How to Train Your Dog to Stay Off the Sofa

When training your dog to stay off the sofas there are a few simple rules that should be followed to optimise your success. Firstly, it important to ensure that everyone in the family follows the ‘no dogs on the sofa rule’ as failure by anyone in the family to enforce this rule is likely to result inĀ  nothing but confusion for the dog. In addition to this, it is also important to consider what will happen when the dog is left alone in the house – what areas of the house will you allow the dog access? Ideally, you don’t want your pet to have access to sofas or chairs while you are out of the house as this could cause further confusion for the dog by creating a situation where it is able to sit on the furniture without reproach. In addition, this confusion could result in hostility from the dog when attempts are made to intervene and remove the dog from the sofa.

As well as setting basic ground rules as outlined above, it is also important that everyone in the family reacts in the same way when the dog jumps on the sofa, which it inevitably will do at some point during it’s training. The important thing to remember here is that you are training your dog to behave how you want it to behave, therefore compliant behaviour should be rewarded. Some people make the mistake of punishing the behaviour that they don’t want, and thus by punishing the dog each time it jumps on the sofa, they risk instilling a sense of fear and possible hostility within the dog.

Essentially, it is important to realise that instead giving a negative response when the dog jumps on the sofa, you should gently coax the dog back onto the floor and give it a treat when it complies – positive behaviour should gain positive rewards. Also, as tempting as it may be to either lift, push or drag the dog off the sofa, this is not recommended as it may result in a negative response from your pet. The only time it is advisable to lift the dog off the sofa is if the dog is still a puppy in which case they are at risk of causing damage to themselves by jumping from high objects.

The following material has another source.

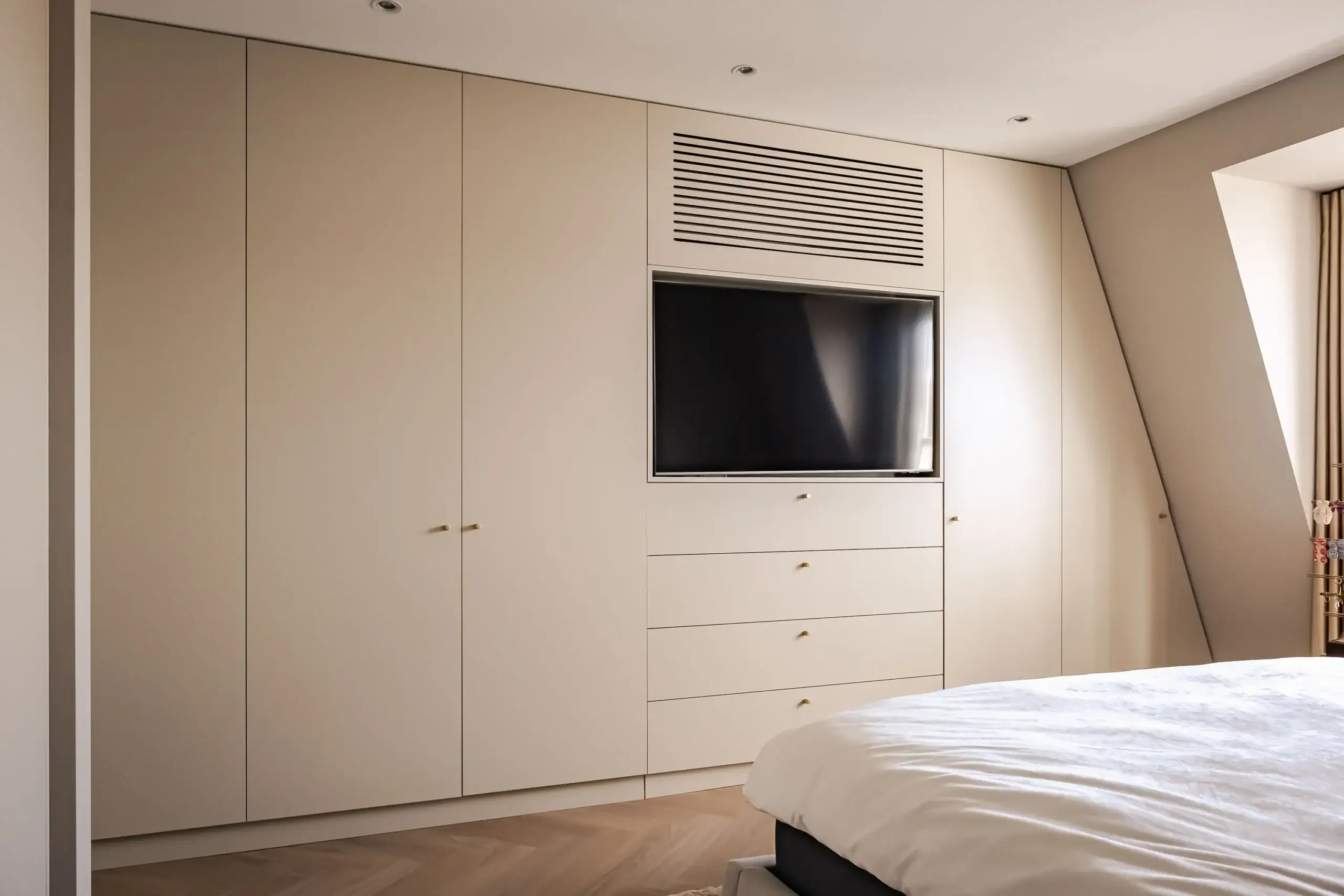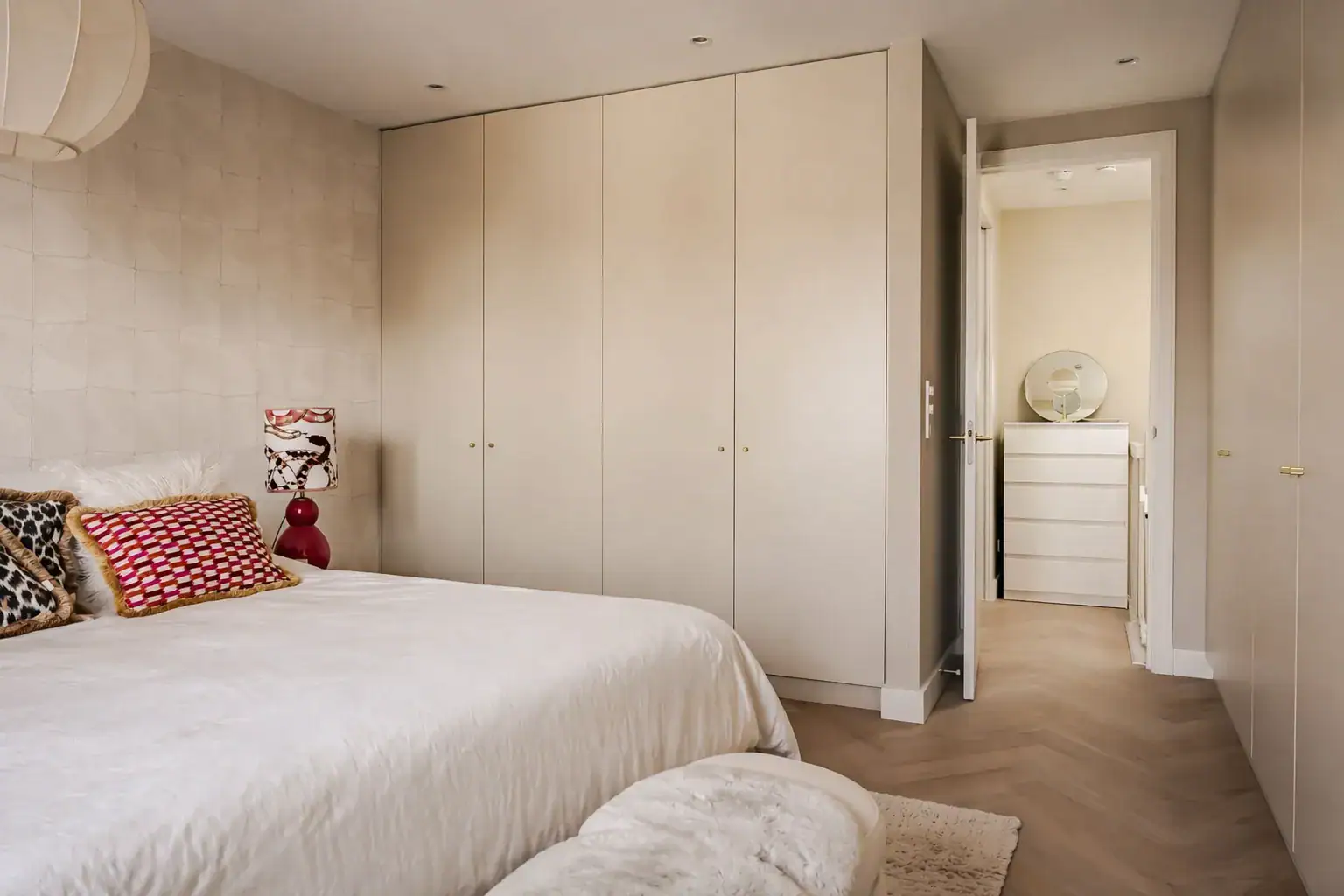 Overloop met daklicht. Ouderslaapkamer met twee vaste kastenwanden, waarvan 1 met ingebouwd tv-meubel, Frans balkon aan de voorzijde. Tweede badkamer voorzien van wastafelmeubel, inloopdouche met regendouche, verwarmde spiegel en toilet.
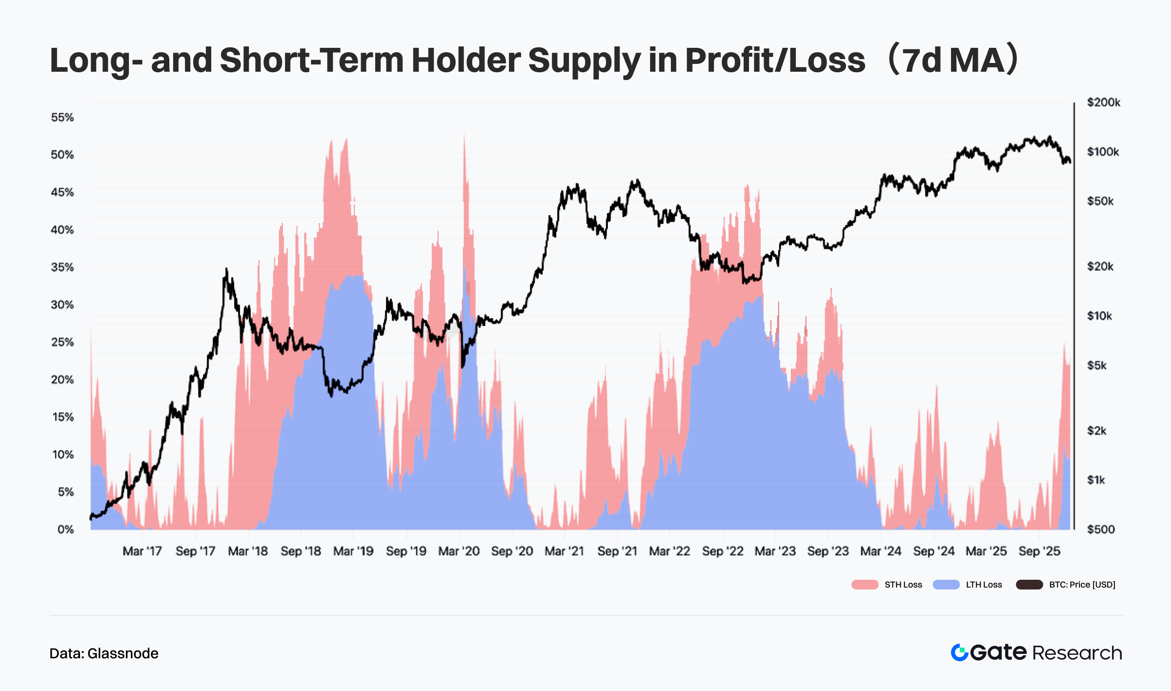 According to Glassnode data, BTC’s profit/loss supply split between long-term and short-term holders (7-day moving average) shows that over the past month, the proportion of short-term holder (STH) supply in loss has risen markedly as prices pulled back from highs. This reflects recent entrants gradually moving into unrealized loss territory, reducing short-term risk tolerance and placing the burden of market pressure primarily on short-duration supply. Such dynamics are typical of post-rally pullbacks, indicating digestion by momentum-driven capital rather than broad-based liquidation.【7】

So far we have looked at the various methods that should be used in conjunction to help your dog realise that the sofa is out of bounds. These methods are most effective if they are put in place when the dog is a puppy; however they can be equally effective when used consistently with older dogs too. But the one strategy that is the most effective in keeping your dog off the sofa is by ensuring that it has a comfortable place of its own to sit, such as a cushion or a padded blanket, and, as always, your pet should be rewarded when it uses its own special “doggy seat”.